As teorias feministas, disse Xie, ajudaram-na a libertar-se da obsessão pela aparência. Agora com 23 anos e se preparando para se mudar para o exterior, ela parou de fazer dieta, usa roupas largas e sem maquiagem, e muitas vezes evita sutiã.

Nos países ocidentais, as feministas têm defendido atitudes patriarcais há décadas. Mas em muitos países do Leste Asiático, onde as expectativas tradicionais de género persistem mesmo num contexto de rápido crescimento económico e tecnológico, a rejeição de definições estreitas de beleza é muitas vezes considerada radical.

No Japão, as mulheres iniciaram um movimento para combater os códigos de vestimenta no local de trabalho que exigem o uso de salto alto. E na Coreia do Sul, as mulheres desafiaram a cultura de beleza rígida e profundamente enraizada do país com uma campanha conhecida como “Escape the Corset”.

Na China, o capitalismo e a prosperidade que trouxe à China aumentaram, de certa forma, a pressão sobre as mulheres para terem uma boa aparência. O mercado de cosméticos e cuidados com a pele ultrapassou US$ 69 bilhões no ano passado, segundo a iResearch, uma empresa de consultoria.

A propaganda estatal que promove normas tradicionais de género, instando as mulheres a casar jovens e a ter filhos, também promove os padrões de beleza. “Assim, as mulheres que se rebelam contra as normas tradicionais de beleza são vistas pelo governo como tendo maior probabilidade de se rebelarem também de outras formas”, disse Fincher.

Zelda Liu, uma mulher de 27 anos da cidade de Suzhou, no sudeste, disse que quando decidiu cortar o cabelo, ela mesma teve que fazer isso. Os cabeleireiros hesitaram, temendo que o barbear rente pudesse machucar seu couro cabeludo – uma ideia que ela achou absurda: “As cabeças das mulheres não são cabeças?”
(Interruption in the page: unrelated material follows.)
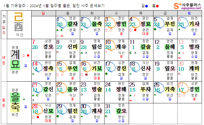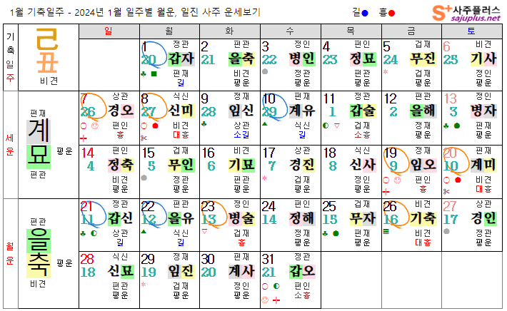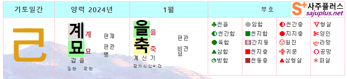 기토일간 1월운세-2024년 1월(을축월) 일주운세 월운세, 일진운세 사주보기 운세보기

Mais de um ano depois, ela ainda usa o corte e diz que isso significa que ela não recebe mais atenção masculina não solicitada ou sugestões para se maquiar. Ela descreve a liberdade recém-descoberta como uma sensação de “voar alto”. Ela também está morando no exterior.

Xie, a mulher de Qinhuangdao, disse que um ex-namorado disse que ela “desistiu” de si mesma. “Acho ridículo”, disse ela. “Não quero voltar a ser como as coisas eram antes.”

Nem toda a reação vem dos homens. Algumas mulheres argumentaram nas redes sociais que as mulheres que seguem as normas convencionais de beleza não deveriam se sentir mal.

As mulheres que rejeitam tais normas muitas vezes consideram outras mulheres que discordam delas como não sendo suficientemente progressistas, disse Fiona Chen, uma influenciadora feminista na China. Mas a sua crítica, argumentou ela, deveria centrar-se na verdadeira razão pela qual as expectativas são injustas.

“Sua causa raiz não são as mulheres”, disse ela. “É o patriarcado.”